> Required action:
Would you repeat every entry below word for word but drop the images?

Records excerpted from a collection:

——————

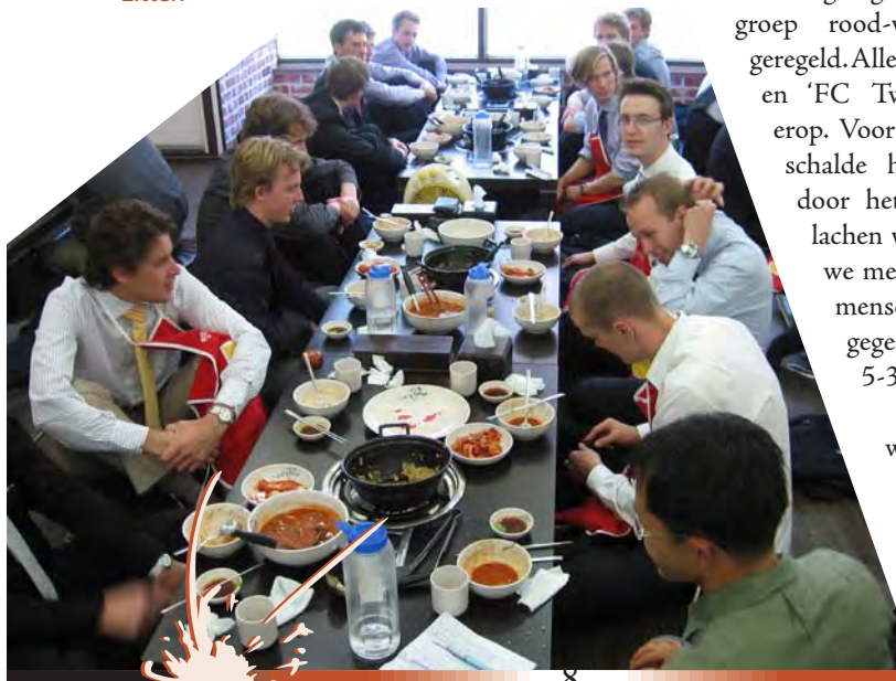
Koreaanse lunch: schoenen uit en op een kussentje zitten

De eerste dag in Seoul stond al in het teken van bedrijven. We bezochten 's ochtends het RFID/USN center. RFID is bekend; USN staat voor Ubiquitous Sensor Networks, alomtegenwoordige sensoren. Het bedrijf heeft enorme test- en ontwikkelafaciliteiten voor RFID-producten en MEMS-sensoren.
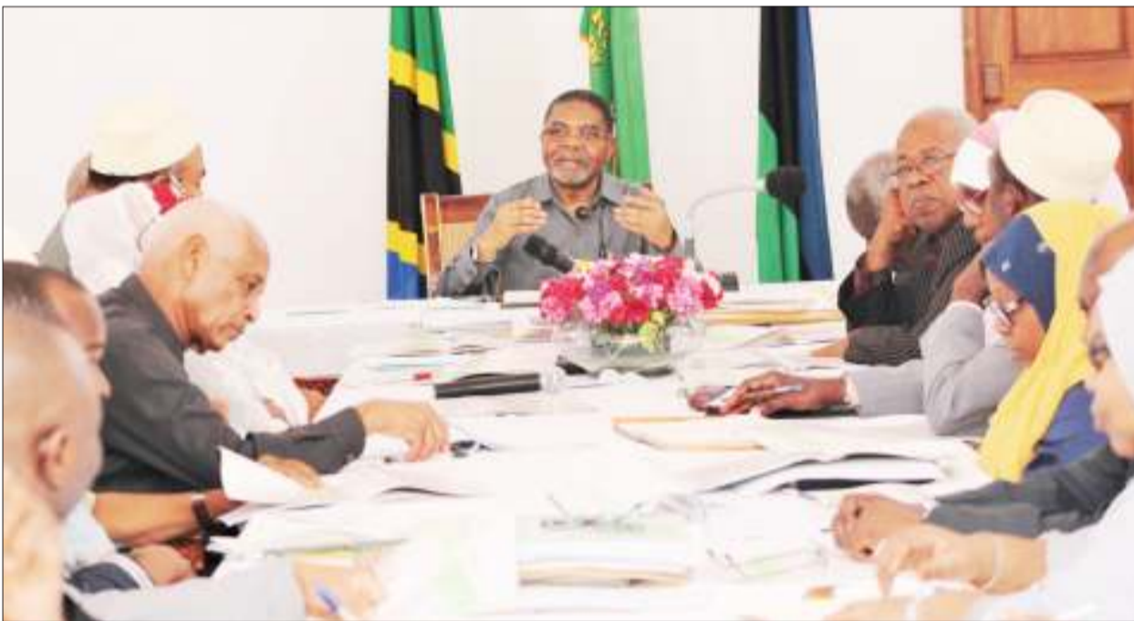
Rais wa Zanzibar na Mwenyekiti wa Baraza la Mapinduzi, Dk. Ali Mohamed Shein, akizungumza na uongozi wa Wizara ya Habari, Utalii na Mambo ya Kale Zanzibar, katika ukumbi wa Ikulu Ndogo Kibweni, jana, wakati wa mkutano wa Utekelezaji wa Mpango Kazi wa Wizara hiyo, kwa mwezi Julai 2018 hadi Machi 2019.

Kwa upande wake, Rais Magufuli alimshukuru Dk. Adesina kwa ushirikiano mkubwa ambao AfDB inautoa kwa Tanzania na amemhakikishia kuwa Tanzania itahakikishia fedha zinazotolewa na benki hiyo zinatekeleza miradi iliyokusudiwa kwa uhakika na inaleta matokeo yanayotarajiwa.
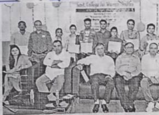
राजकीय महिला महाविद्यालय में विजेता छात्राओं के साथ प्राचार्य।
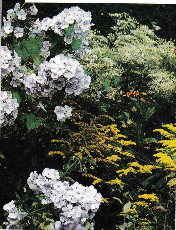
Флоксы успешно сосуществуют даже с таким агрессивным партнером, как золотарник.

На четвертый-пятый год кусты лучше разделить и посадить в новую землю. Я, честно говоря, эту операцию не люблю и омолаживаю свои флоксы черенкованием. Когда новые кустики из черенков подрастают, старые, пятишестилетние кусты просто удаляю. ■

——————

> Output below:
Koreaanse lunch: schoenen uit en op een kussentje zitten

De eerste dag in Seoul stond al in het teken van bedrijven. We bezochten 's ochtends het RFID/USN center. RFID is bekend; USN staat voor Ubiquitous Sensor Networks, alomtegenwoordige sensoren. Het bedrijf heeft enorme test- en ontwikkelafaciliteiten voor RFID-producten en MEMS-sensoren.
Rais wa Zanzibar na Mwenyekiti wa Baraza la Mapinduzi, Dk. Ali Mohamed Shein, akizungumza na uongozi wa Wizara ya Habari, Utalii na Mambo ya Kale Zanzibar, katika ukumbi wa Ikulu Ndogo Kibweni, jana, wakati wa mkutano wa Utekelezaji wa Mpango Kazi wa Wizara hiyo, kwa mwezi Julai 2018 hadi Machi 2019.

Kwa upande wake, Rais Magufuli alimshukuru Dk. Adesina kwa ushirikiano mkubwa ambao AfDB inautoa kwa Tanzania na amemhakikishia kuwa Tanzania itahakikishia fedha zinazotolewa na benki hiyo zinatekeleza miradi iliyokusudiwa kwa uhakika na inaleta matokeo yanayotarajiwa.
राजकीय महिला महाविद्यालय में विजेता छात्राओं के साथ प्राचार्य।
Флоксы успешно сосуществуют даже с таким агрессивным партнером, как золотарник.

На четвертый-пятый год кусты лучше разделить и посадить в новую землю. Я, честно говоря, эту операцию не люблю и омолаживаю свои флоксы черенкованием. Когда новые кустики из черенков подрастают, старые, пятишестилетние кусты просто удаляю. ■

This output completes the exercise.